Dogs are family members and we have always considered them that in our family. They will go with us wherever we go wherever overseas or in the states. For recommending that we adopt a smaller breed because of transport makes it seem like a dog would be a burden on us. If we thought it would be a burden we would not be attempting to adopt. We are looking towards the future life of the dog which is until the end. I do not appreciate the e-mail to my wife below as if we are just some random family looking for a puppy because they are cute. We know what the care and responsibilities of a dog entail and we are ready for that commitment.

Thank you for your time and I await your response.



This was a few weeks ago and they still haven't responded to me.


----------



## Jax08 (Feb 13, 2009)

Did you see the other thread on a person turned down by a rescue (also in California)? At least this one was courteous enough to take the time to explain why exactly, many aren't as they are staffed with volunteers who also work. Though I think their recommendation to adopt another breed is a more than a bit condescending. Don't try to make sense of it. They aren't going to change their minds. You would do yourself a favor by moving on. Either to a different rescue or to a shelter.


----------



## LoveEcho (Mar 4, 2011)

Agree with Jax. There are a lot of threads about rescues being ridiculous... the sad part is it completely detracts from the value of what they're doing and undermines rescues as a whole. I swore off rescue until I met a member here who worked closely with a very good rescue out in the midwest and I would absolutely consider a dog from him. I'm so sorry- it's hard not to take it personally, I know, especially with such a snotty email. The rescues that are really well run are too frequently overshadowed by the rescues that are run by PETA wannabes.


----------



## Sunflowers (Feb 17, 2012)

Hey, join the club. 

I was rejected by rescue because I had a cat, a one-year-old nephew who visited, and an unfenced yard.
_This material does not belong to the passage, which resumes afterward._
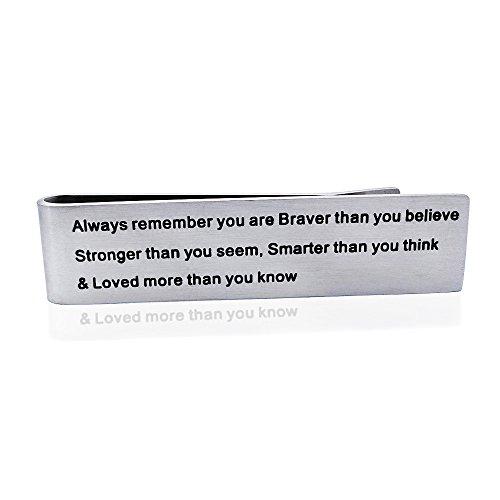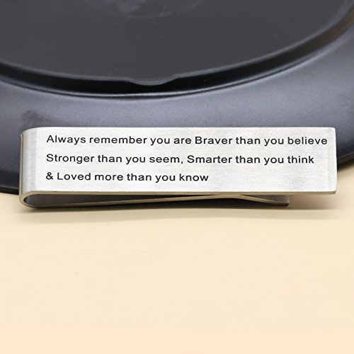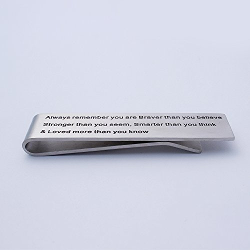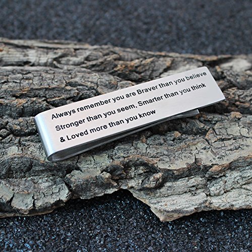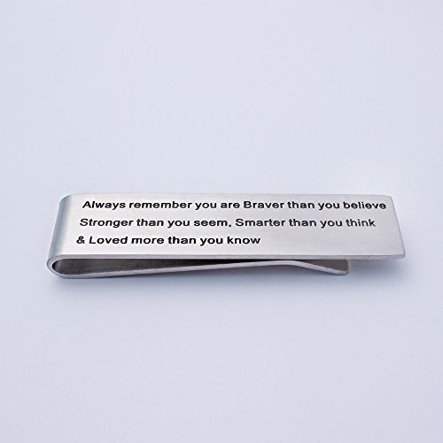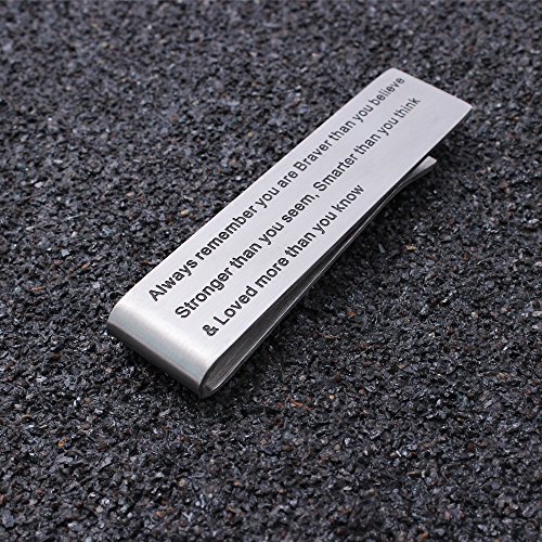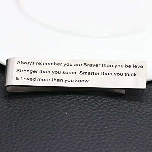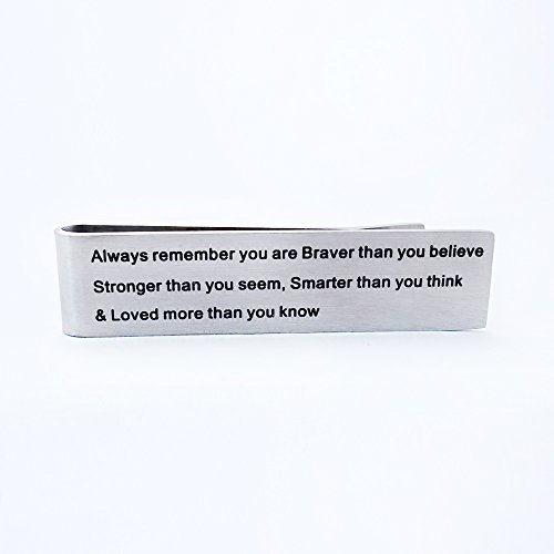 Binding : Apparel Product Description The best gift for Family Friend! - Always remember you are Braver than you believe Stronger than you seem Smarter than you think Loved more than you know - For Women Men Boy Girl ! Condition:100% New,High Quality! Material:Stainless Steel Packing Include:1pcs Money Clip(Free jewelry bag) 0

I went to a reputable breeder, and I'm very glad I did.


And by the way, thank you for your service.


----------



## Shade (Feb 20, 2012)

There are many bad rescues out there just like bad breeders. It sucks but at least you know off the bat you don't want to work with them. Try again with a different rescue or keep a eye out at the local humane societies or go with a reputable breeder. 

I hope you don't let this one problem keep you down, there's a great dog waiting for you out there


----------



## misslesleedavis1 (Dec 5, 2013)

Absoluetly condescending, I agree with Jax too.


----------



## Merciel (Apr 25, 2013)

Shade said:


> There are many bad rescues out there just like bad breeders. It sucks but at least you know off the bat you don't want to work with them. Try again with a different rescue or keep a eye out at the local humane societies or go with a reputable breeder.
> 
> I hope you don't let this one problem keep you down, there's a great dog waiting for you out there


yep

Sorry you hit a bad apple, but that's all this is: a one-off mismatch. Don't let it get to you on a personal level.
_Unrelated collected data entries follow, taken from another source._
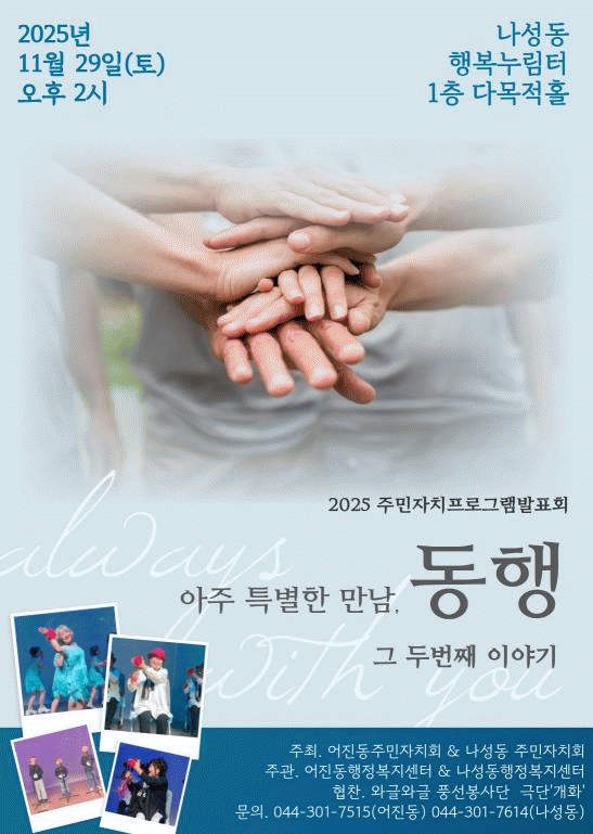 Á¤¼ºÇå ¾îÁøµ¿ ÁÖ¹ÎÀÚġȸÀåÀº ¡°µÎ ¸¶À»ÀÌ ÇÔ²² ºú¾î³½ À̹ø Çà»ç¸¦ ÅëÇØ »ç¶÷ÀÇ °¡Ä¡, ¿¬´ëÀÇ ¾Æ¸§´Ù¿òÀÌ ¼¼Á¾½Ã Àü¿ªÀ¸·Î ÆÛÁ®°¡°Ô µÇ±â¸¦ ±â´ëÇÑ´Ù¡±¸ç ¡°¾îÁøµ¿°ú ³ª¼ºµ¿ÀÌ ´õ¿í ±× »ó¡À¸·Î¼ ÀÚ¸®Àâ¾Æ°¡±â¸¦ ¹Ù¶õ´Ù¡±°í ÀüÇß´Ù.
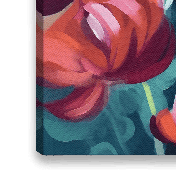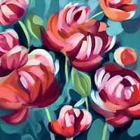 Figuratieve abstractie met kleurrijke tulpen in roze, oranje en groen tinten.
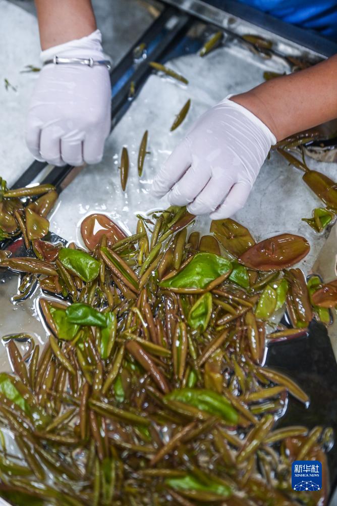 9月5日,在建德市航头镇乌龙村西湖莼菜产业园的车间内,工人在分拣刚刚采摘的莼菜。
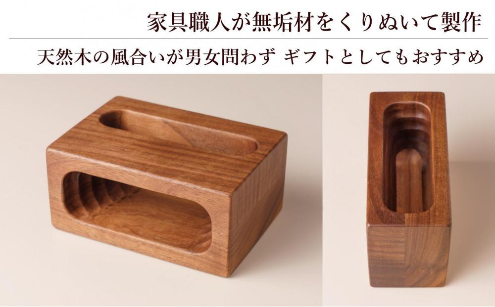 天然木の風合いを楽しめる無垢材をくりぬいて作ったスマホスタンドです。置くだけで音楽を流しながら画面を見ることができる電源不要のスピーカーとしても使えます。

Try again with another rescue, go to a shelter, or look for an ethical breeder. If this was a breed-specific rescue, you may have better luck working with an all-breed rescue.


----------



## bvilchez (Nov 22, 2013)

Thank you everyone and I appreciate the input. I'm actually amazed that a rescue would even come across like that. I know everything is in the best interest of the dog but still in awe somewhat. 

Thank you for the support.


----------



## Betty (Aug 11, 2002)

While I believe every dog should be placed as if his life depends on it (it does) even more for rescues I think. These are dogs that have already beat the odds once and chances are they will not get so lucky the next time...............

As a breeder the points they have brought up would be of concern to me. And while I have placed dogs with many military families I have turned down more. Just look at the shelters near any military base and you will know why.

And toddlers are another caution flag for me. Again I have placed some pups but have turned away more. An adult dog that I did not know the history of? Big red flag...........

Don't take it personally. Rescues that I have transported for, evaluated for, pulled for, and offered emergency boarding for have adoption requirements that I would not meet. 

I'm fine with that and it actually tickles my funny bone at times. (in a good way)


----------



## Magwart (Jul 8, 2012)

I heard the history years ago of why one rescue in your area was formed by people who had previously been involved with another, and differing philosophies regarding adoption policies were a factor. Try again--adoption policies aren't uniform. 

Or just go save a life from a shelter -- So Cal shelters have tons of great GSDs! The So Cal shelters mostly use Petharbor to list their dogs. Go to PetHarbor.com: Animal Shelter adopt a pet; dogs, cats, puppies, kittens! Humane Society, SPCA. Lost & Found. and you'll be astounded how many purebred dogs are in shelters in your area -- there are dozens of them circulated from the L.A. metro area on national rescue lists a few times a week! You'll also save a bunch of money on adoption fees, as the shelter adoption fees are quite low.


----------



## scarfish (Apr 9, 2013)

just curious how did you have a dog in the army if you weren't married. when i was in the army all single soldiers lived in the barracks and could only have fish. married soldiers all lived in housing or in off post apartments and their wives would take care of their dogs while deployed.


----------



## LoveEcho (Mar 4, 2011)

scarfish said:


> just curious how did you have a dog in the army if you weren't married. when i was in the army all single soldiers lived in the barracks and could only have fish. married soldiers all lived in housing or in off post apartments and their wives would take care of their dogs while deployed.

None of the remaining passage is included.